## BRIEF
Type the data below again exactly. Omit all pictures.

## SOURCE DATA
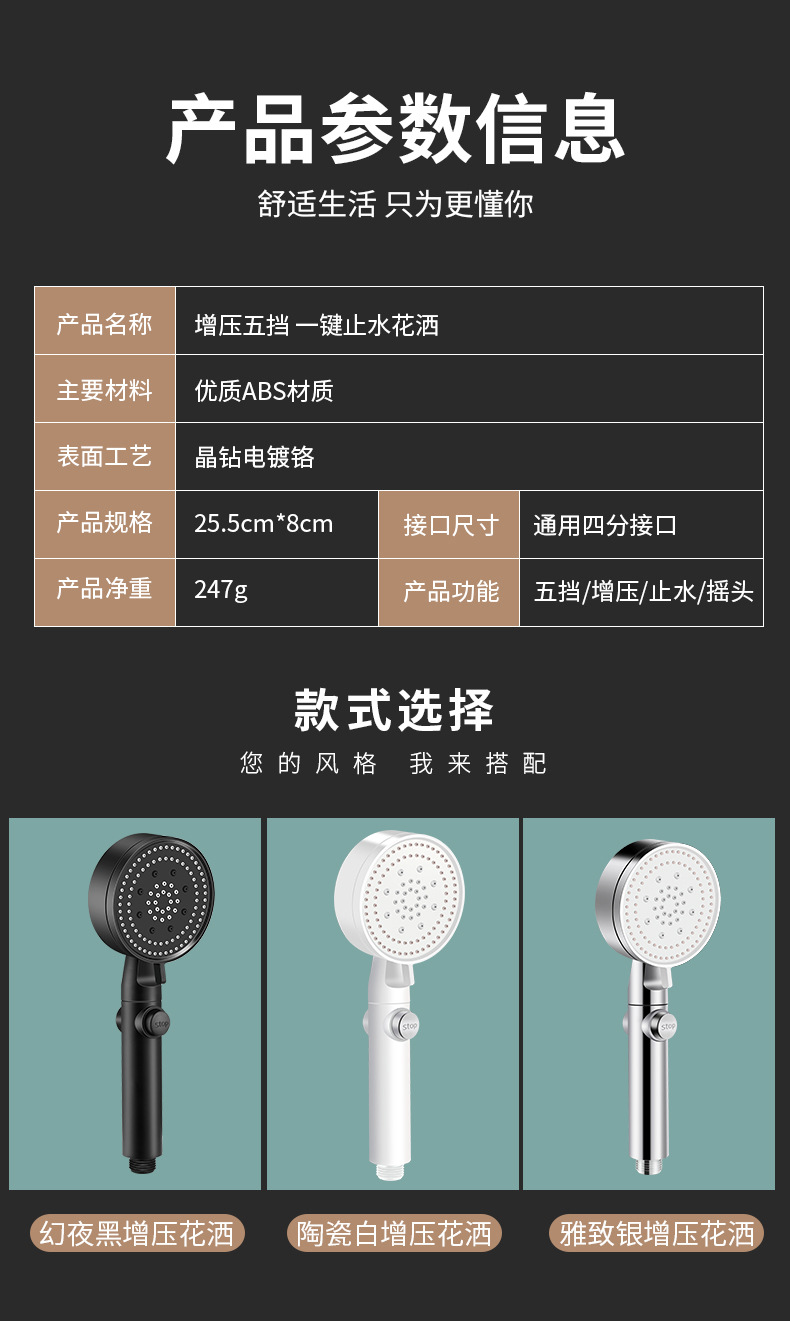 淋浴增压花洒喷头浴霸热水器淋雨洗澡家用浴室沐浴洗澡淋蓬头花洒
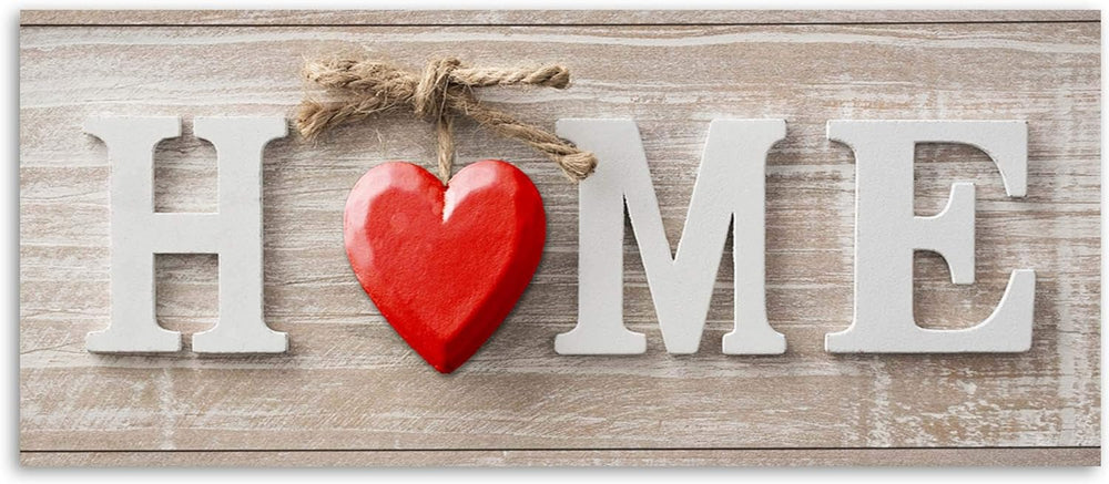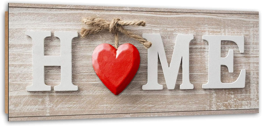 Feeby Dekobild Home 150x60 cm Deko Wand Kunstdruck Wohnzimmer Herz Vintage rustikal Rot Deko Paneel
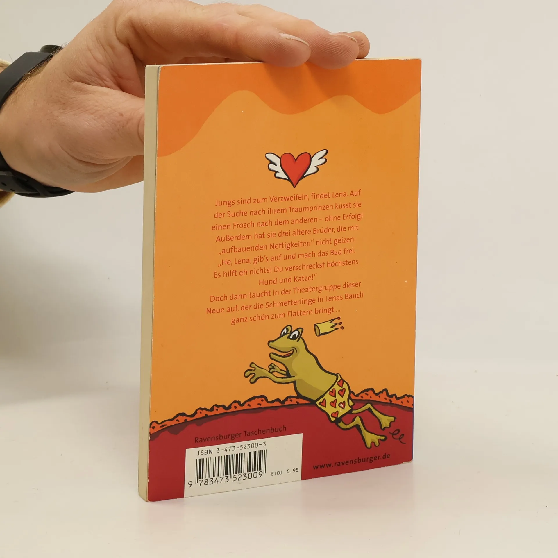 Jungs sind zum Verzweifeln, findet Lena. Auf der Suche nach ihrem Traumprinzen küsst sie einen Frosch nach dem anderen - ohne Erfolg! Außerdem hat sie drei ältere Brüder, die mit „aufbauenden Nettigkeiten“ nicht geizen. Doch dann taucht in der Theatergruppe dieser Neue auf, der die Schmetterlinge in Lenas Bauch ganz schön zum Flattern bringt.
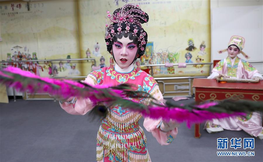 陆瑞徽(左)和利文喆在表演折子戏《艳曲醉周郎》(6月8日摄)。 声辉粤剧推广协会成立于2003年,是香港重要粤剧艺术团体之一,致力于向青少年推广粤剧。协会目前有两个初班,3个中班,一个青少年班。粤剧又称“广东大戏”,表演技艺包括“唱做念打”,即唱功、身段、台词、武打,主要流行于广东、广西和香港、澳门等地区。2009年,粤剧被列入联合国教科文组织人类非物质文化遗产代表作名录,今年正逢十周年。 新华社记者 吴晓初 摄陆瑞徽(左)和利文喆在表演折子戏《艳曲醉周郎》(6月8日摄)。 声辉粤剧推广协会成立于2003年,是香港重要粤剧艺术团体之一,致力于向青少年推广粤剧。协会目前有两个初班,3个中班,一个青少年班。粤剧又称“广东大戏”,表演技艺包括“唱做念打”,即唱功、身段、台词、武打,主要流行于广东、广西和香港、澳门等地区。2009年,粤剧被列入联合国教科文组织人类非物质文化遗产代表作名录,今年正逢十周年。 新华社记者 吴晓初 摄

## ANSWER BOX
 淋浴增压花洒喷头浴霸热水器淋雨洗澡家用浴室沐浴洗澡淋蓬头花洒
 Feeby Dekobild Home 150x60 cm Deko Wand Kunstdruck Wohnzimmer Herz Vintage rustikal Rot Deko Paneel
 Jungs sind zum Verzweifeln, findet Lena. Auf der Suche nach ihrem Traumprinzen küsst sie einen Frosch nach dem anderen - ohne Erfolg! Außerdem hat sie drei ältere Brüder, die mit „aufbauenden Nettigkeiten“ nicht geizen. Doch dann taucht in der Theatergruppe dieser Neue auf, der die Schmetterlinge in Lenas Bauch ganz schön zum Flattern bringt.
 陆瑞徽(左)和利文喆在表演折子戏《艳曲醉周郎》(6月8日摄)。 声辉粤剧推广协会成立于2003年,是香港重要粤剧艺术团体之一,致力于向青少年推广粤剧。协会目前有两个初班,3个中班,一个青少年班。粤剧又称“广东大戏”,表演技艺包括“唱做念打”,即唱功、身段、台词、武打,主要流行于广东、广西和香港、澳门等地区。2009年,粤剧被列入联合国教科文组织人类非物质文化遗产代表作名录,今年正逢十周年。 新华社记者 吴晓初 摄陆瑞徽(左)和利文喆在表演折子戏《艳曲醉周郎》(6月8日摄)。 声辉粤剧推广协会成立于2003年,是香港重要粤剧艺术团体之一,致力于向青少年推广粤剧。协会目前有两个初班,3个中班,一个青少年班。粤剧又称“广东大戏”,表演技艺包括“唱做念打”,即唱功、身段、台词、武打,主要流行于广东、广西和香港、澳门等地区。2009年,粤剧被列入联合国教科文组织人类非物质文化遗产代表作名录,今年正逢十周年。 新华社记者 吴晓初 摄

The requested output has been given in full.